[Opening Supplied material section]
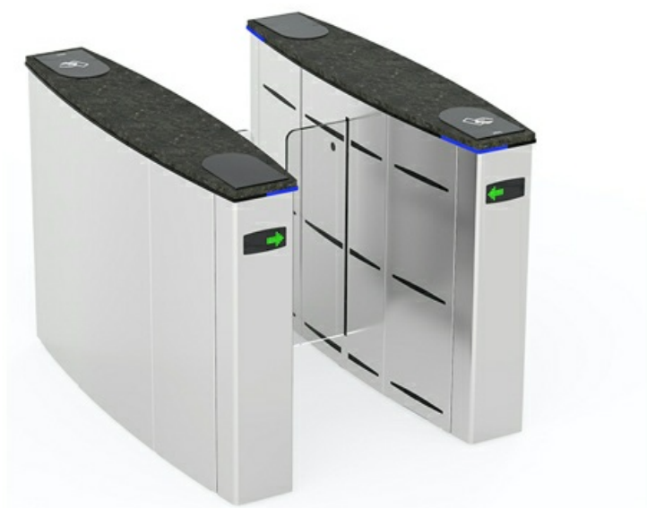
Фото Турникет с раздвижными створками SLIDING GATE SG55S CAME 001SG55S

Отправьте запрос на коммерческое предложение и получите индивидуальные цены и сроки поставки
[Closing Supplied material section]
[Opening Supplied material section]
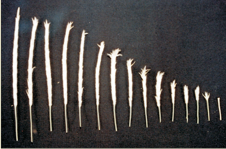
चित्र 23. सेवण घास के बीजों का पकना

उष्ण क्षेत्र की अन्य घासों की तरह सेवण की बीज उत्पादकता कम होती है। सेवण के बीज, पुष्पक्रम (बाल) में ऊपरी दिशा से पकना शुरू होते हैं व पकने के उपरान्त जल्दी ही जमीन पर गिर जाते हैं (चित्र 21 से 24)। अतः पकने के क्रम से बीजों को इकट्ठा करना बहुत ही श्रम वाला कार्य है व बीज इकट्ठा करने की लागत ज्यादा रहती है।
[Closing Supplied material section]
*What you need to do*: Of all the entries above, retype exactly the lines from the line with "Фото Турникет с" to the line with "Отправьте запрос на", both included, and no others.

*Finished exercise*:
Фото Турникет с раздвижными створками SLIDING GATE SG55S CAME 001SG55S

Отправьте запрос на коммерческое предложение и получите индивидуальные цены и сроки поставки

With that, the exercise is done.